Cette remontée des prix, qui dépendra de l'état du marché du travail, pourrait prendre plusieurs années, les dernières projections de la Fed tablant sur une inflation de 1,8% en 2022 et de 2% seulement en 2023.
La Fed a adopté en août une nouvelle stratégie en matière de hausse des prix pour tenir compte des périodes prolongées de faible inflation observées ces dernières années. La banque prévoit désormais de laisser filer l’inflation temporairement au-dessus de son objectif de 2% afin de compenser les périodes prolongées de faible hausse des prix.
«Ces changements clarifient notre engagement en faveur d’un horizon temporel plus long», a déclaré Jerome Powell.
L’objectif de 2% d’inflation par an est maintenu mais doit désormais être compris comme une moyenne, ce qui devrait conduire à un assouplissement de la politique monétaire américaine sur le long terme. Une telle évolution vise à soutenir le marché de l’emploi qui constitue avec l’inflation l’un des deux mandats de la banque centrale.

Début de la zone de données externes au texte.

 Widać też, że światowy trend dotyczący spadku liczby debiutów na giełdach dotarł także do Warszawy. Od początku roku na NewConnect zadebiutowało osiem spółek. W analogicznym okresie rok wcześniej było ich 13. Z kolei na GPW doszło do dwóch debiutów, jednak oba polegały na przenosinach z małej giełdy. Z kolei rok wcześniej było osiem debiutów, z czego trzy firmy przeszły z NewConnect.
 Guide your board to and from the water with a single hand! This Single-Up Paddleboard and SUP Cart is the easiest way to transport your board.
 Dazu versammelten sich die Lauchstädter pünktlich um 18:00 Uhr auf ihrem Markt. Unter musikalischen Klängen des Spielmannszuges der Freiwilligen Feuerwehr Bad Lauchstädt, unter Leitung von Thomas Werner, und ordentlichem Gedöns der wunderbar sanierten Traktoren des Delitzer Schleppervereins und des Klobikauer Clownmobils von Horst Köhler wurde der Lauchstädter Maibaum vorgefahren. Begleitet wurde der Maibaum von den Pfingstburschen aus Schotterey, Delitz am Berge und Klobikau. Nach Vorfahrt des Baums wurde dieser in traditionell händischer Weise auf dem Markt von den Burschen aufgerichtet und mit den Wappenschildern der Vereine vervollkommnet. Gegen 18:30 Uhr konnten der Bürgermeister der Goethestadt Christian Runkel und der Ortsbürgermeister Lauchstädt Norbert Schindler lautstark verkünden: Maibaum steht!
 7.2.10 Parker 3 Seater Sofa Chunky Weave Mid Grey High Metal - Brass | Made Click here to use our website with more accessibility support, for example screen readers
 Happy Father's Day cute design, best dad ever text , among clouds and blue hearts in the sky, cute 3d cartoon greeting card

La Fed conserve pour objectif un taux annuel d’inflation de 2% dans le cadre de sa stratégie, mais la banque centrale a précisé fin août qu’elle «cherch[ait] à atteindre une inflation moyenne de 2% au fil du temps».
La banque centrale a par ailleurs indiqué mercredi qu’elle maintiendrait ses rachats d’actifs à un rythme inchangé. La Fed a lancé en mars un vaste programme de rachat d’obligations du Trésor et de titres obligataires afin de stabiliser les marchés financiers et d’injecter des liquidités face aux tensions provoquées par l'épidémie de coronavirus.
Depuis la mi-juin, le montant de ces rachats a été de 80 milliards de dollars par mois pour les obligations du Trésor et de 40 milliards de dollars par mois pour les titres hypothécaires.